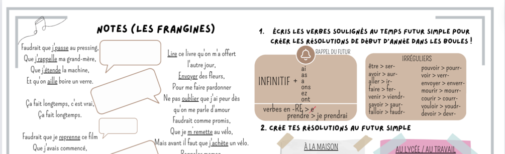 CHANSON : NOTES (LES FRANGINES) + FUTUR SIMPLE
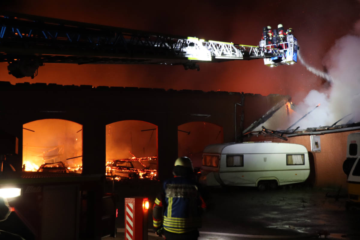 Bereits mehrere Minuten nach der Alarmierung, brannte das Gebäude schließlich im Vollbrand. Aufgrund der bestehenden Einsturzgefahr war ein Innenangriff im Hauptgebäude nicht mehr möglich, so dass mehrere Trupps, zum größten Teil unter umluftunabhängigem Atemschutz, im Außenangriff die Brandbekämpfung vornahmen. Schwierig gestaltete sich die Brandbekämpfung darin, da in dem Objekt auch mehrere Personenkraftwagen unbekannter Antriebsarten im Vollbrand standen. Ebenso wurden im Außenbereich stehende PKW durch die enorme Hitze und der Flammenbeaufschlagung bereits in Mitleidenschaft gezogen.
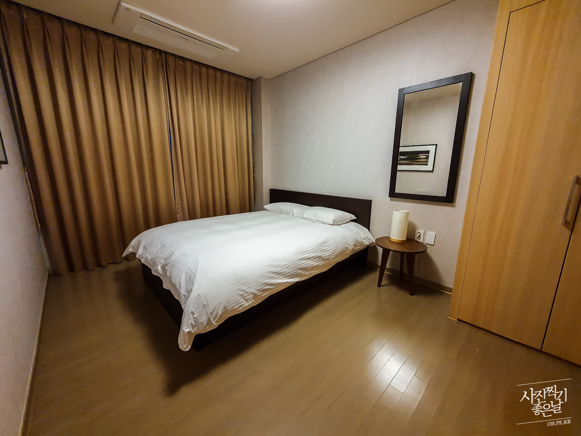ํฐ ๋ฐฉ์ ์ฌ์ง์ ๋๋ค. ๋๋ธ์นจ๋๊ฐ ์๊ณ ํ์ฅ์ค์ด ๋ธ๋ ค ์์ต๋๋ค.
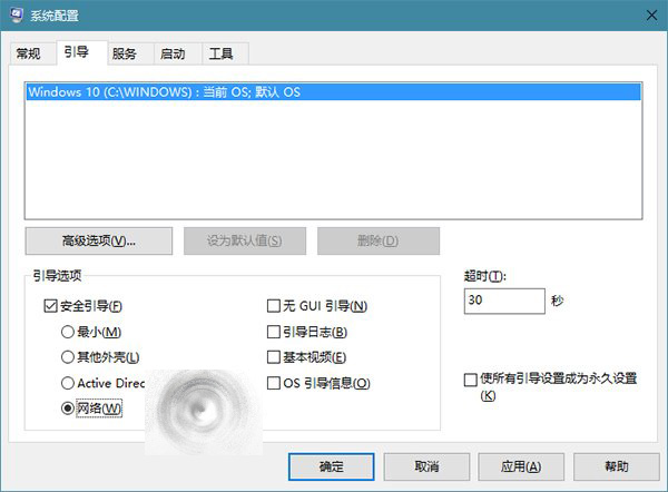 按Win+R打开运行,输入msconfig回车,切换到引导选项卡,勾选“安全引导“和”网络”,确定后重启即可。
= = =
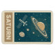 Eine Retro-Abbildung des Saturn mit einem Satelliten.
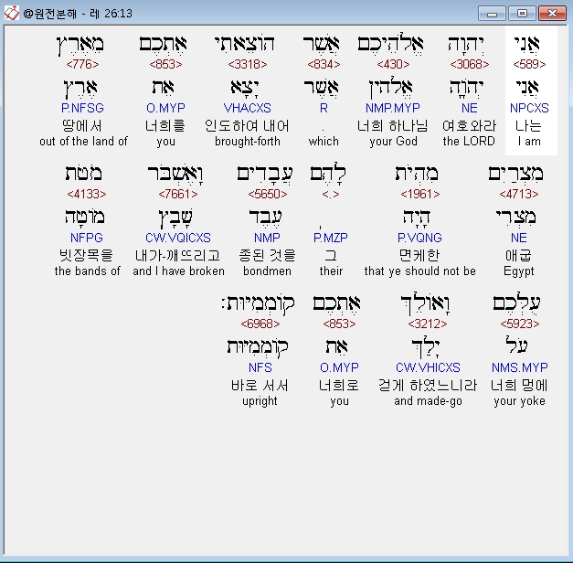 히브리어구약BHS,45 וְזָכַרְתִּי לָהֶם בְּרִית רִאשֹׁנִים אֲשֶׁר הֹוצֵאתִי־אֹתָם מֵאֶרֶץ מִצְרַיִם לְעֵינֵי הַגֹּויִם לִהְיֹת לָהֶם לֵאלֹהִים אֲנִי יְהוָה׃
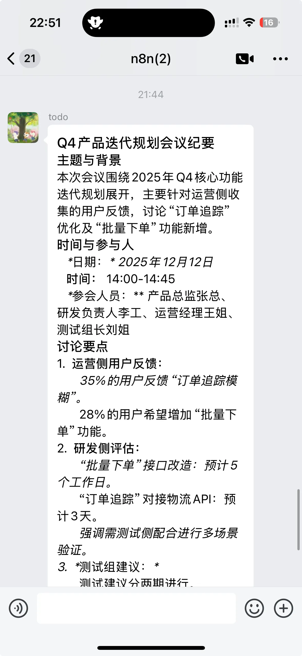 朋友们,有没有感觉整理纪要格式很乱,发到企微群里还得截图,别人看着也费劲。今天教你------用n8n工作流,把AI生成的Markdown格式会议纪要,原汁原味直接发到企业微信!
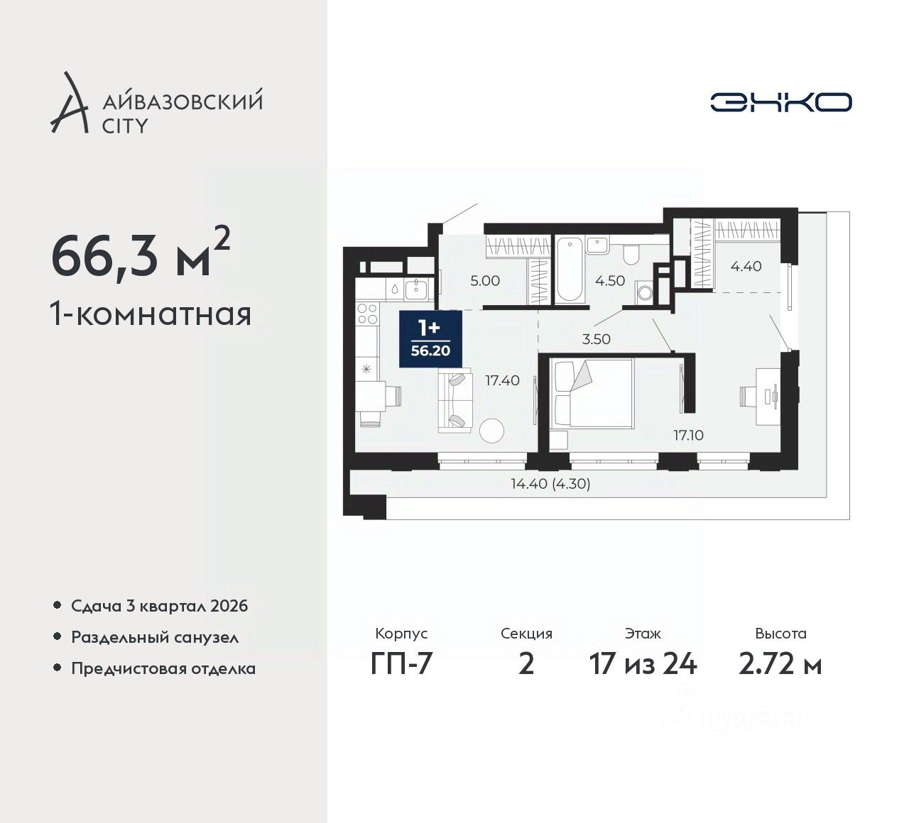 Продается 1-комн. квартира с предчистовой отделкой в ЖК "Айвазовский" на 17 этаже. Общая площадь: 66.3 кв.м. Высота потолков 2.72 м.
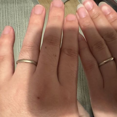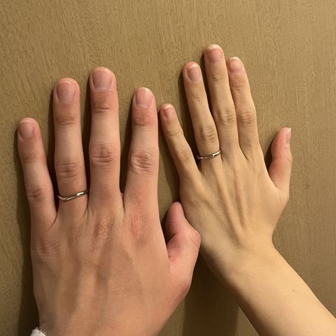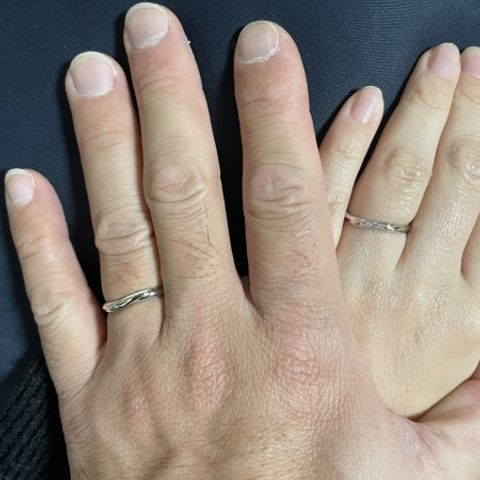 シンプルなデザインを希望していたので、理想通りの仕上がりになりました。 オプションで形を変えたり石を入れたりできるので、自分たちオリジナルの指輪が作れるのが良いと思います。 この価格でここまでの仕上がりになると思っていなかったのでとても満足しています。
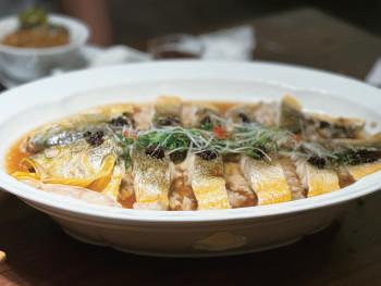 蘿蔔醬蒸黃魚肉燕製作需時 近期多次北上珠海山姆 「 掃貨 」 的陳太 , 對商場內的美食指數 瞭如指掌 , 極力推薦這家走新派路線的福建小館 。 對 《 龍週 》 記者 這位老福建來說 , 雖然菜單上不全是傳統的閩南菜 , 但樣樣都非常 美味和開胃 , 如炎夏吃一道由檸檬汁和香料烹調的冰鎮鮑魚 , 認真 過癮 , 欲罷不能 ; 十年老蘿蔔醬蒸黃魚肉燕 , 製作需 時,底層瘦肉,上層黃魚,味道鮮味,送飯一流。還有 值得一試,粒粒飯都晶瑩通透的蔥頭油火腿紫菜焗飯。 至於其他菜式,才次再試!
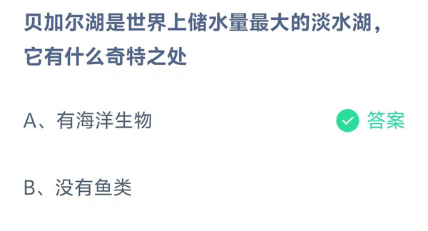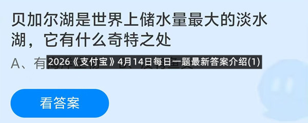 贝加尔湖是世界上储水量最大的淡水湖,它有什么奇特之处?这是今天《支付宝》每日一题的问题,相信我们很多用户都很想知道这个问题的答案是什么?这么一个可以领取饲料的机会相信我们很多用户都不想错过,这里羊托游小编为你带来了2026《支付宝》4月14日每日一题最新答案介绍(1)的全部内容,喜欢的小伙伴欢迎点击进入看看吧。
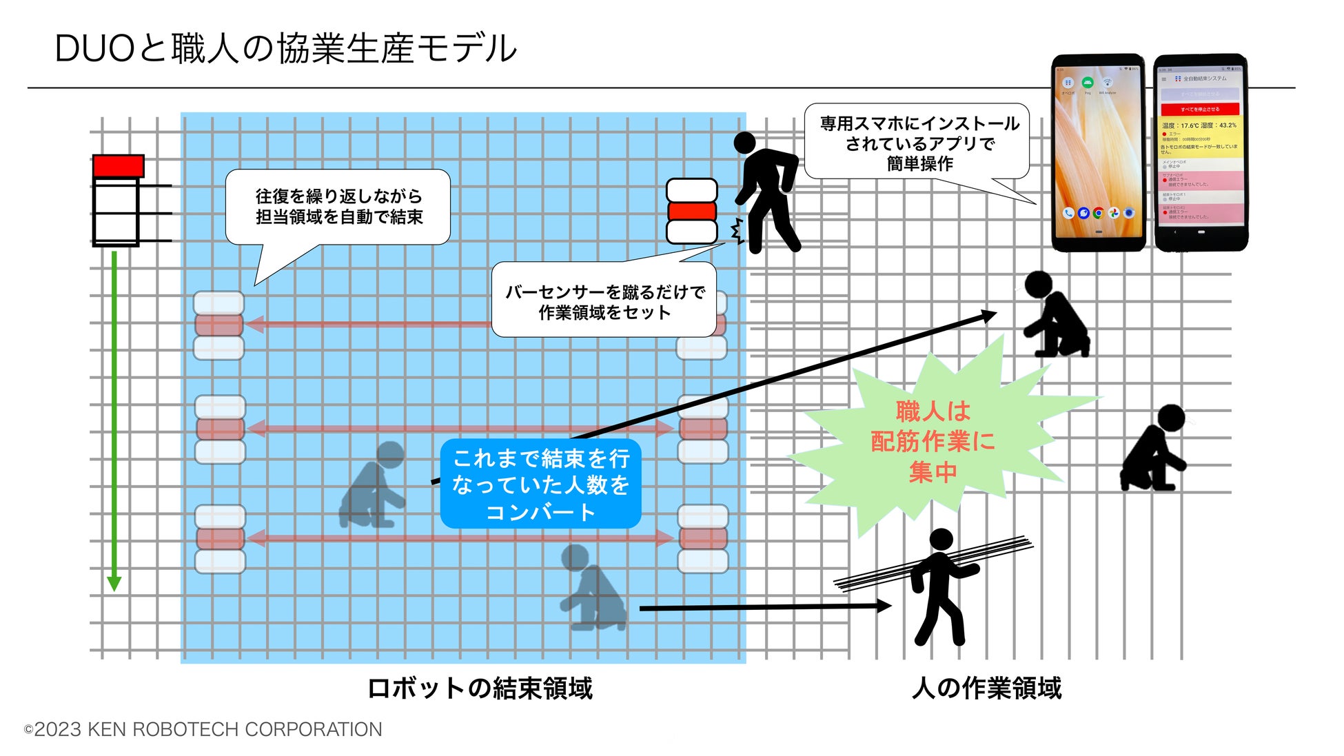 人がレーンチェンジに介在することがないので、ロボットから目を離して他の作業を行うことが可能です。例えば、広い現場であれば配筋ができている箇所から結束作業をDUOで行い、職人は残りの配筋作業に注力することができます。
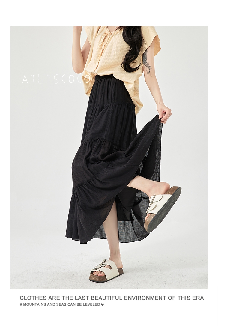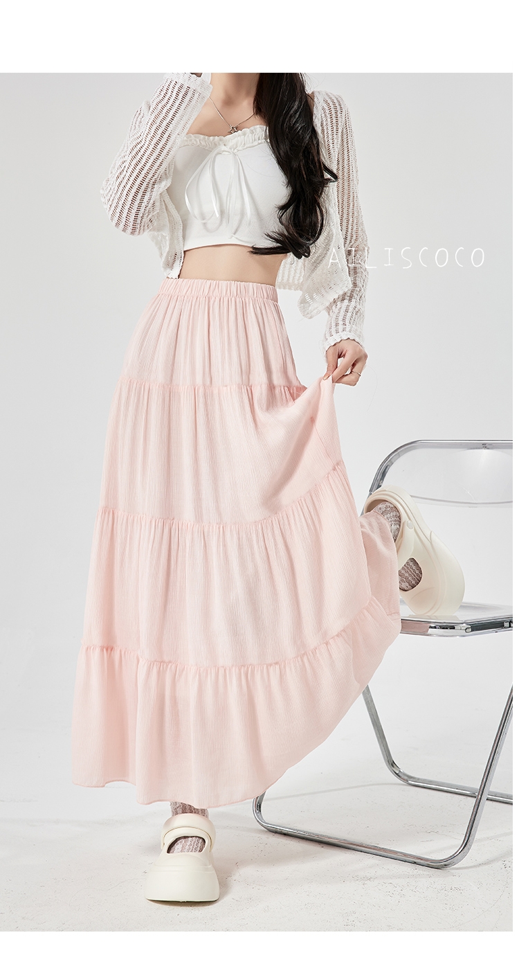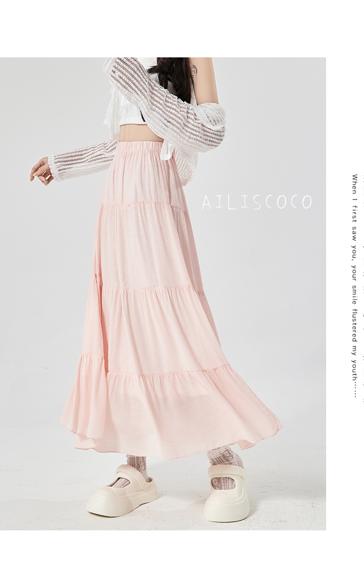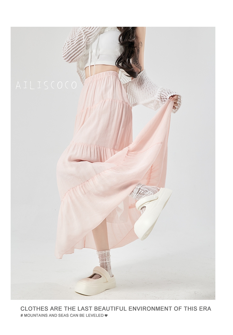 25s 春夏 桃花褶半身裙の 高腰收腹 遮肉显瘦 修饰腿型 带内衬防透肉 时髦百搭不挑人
= = =
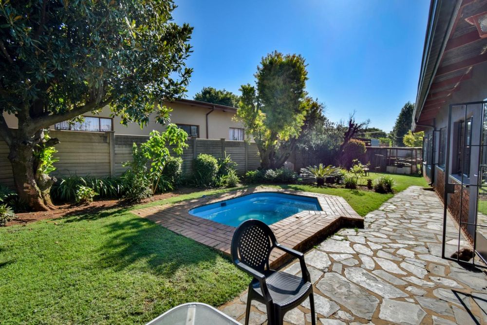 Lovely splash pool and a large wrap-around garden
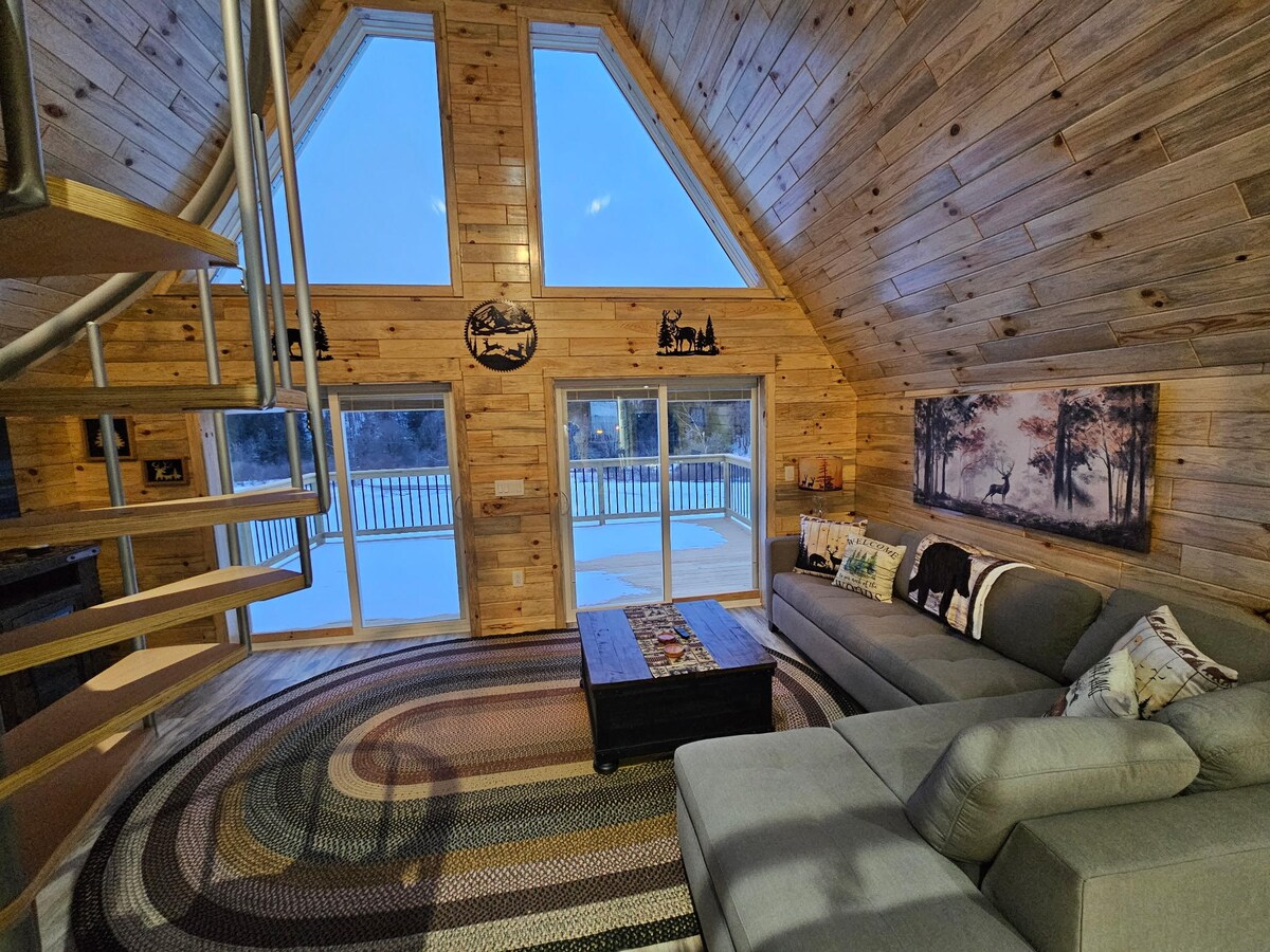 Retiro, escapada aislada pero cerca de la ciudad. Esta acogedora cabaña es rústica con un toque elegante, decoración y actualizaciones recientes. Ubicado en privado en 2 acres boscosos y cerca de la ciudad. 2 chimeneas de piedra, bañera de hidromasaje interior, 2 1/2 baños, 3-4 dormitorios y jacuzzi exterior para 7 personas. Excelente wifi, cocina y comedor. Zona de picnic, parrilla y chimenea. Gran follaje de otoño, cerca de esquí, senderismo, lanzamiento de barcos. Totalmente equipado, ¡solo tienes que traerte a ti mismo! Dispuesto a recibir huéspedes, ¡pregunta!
= = =
(TASK GOAL) Above are records with pictures. Reproduce exactly only the lines from the line with "Bereits mehrere Minuten" through the line with "按Win+R打开运行,输入m", both ends included, and leave the pictures out.

(EXERCISE OUTPUT)
 Bereits mehrere Minuten nach der Alarmierung, brannte das Gebäude schließlich im Vollbrand. Aufgrund der bestehenden Einsturzgefahr war ein Innenangriff im Hauptgebäude nicht mehr möglich, so dass mehrere Trupps, zum größten Teil unter umluftunabhängigem Atemschutz, im Außenangriff die Brandbekämpfung vornahmen. Schwierig gestaltete sich die Brandbekämpfung darin, da in dem Objekt auch mehrere Personenkraftwagen unbekannter Antriebsarten im Vollbrand standen. Ebenso wurden im Außenbereich stehende PKW durch die enorme Hitze und der Flammenbeaufschlagung bereits in Mitleidenschaft gezogen.
ํฐ ๋ฐฉ์ ์ฌ์ง์ ๋๋ค. ๋๋ธ์นจ๋๊ฐ ์๊ณ ํ์ฅ์ค์ด ๋ธ๋ ค ์์ต๋๋ค.
 按Win+R打开运行,输入msconfig回车,切换到引导选项卡,勾选“安全引导“和”网络”,确定后重启即可。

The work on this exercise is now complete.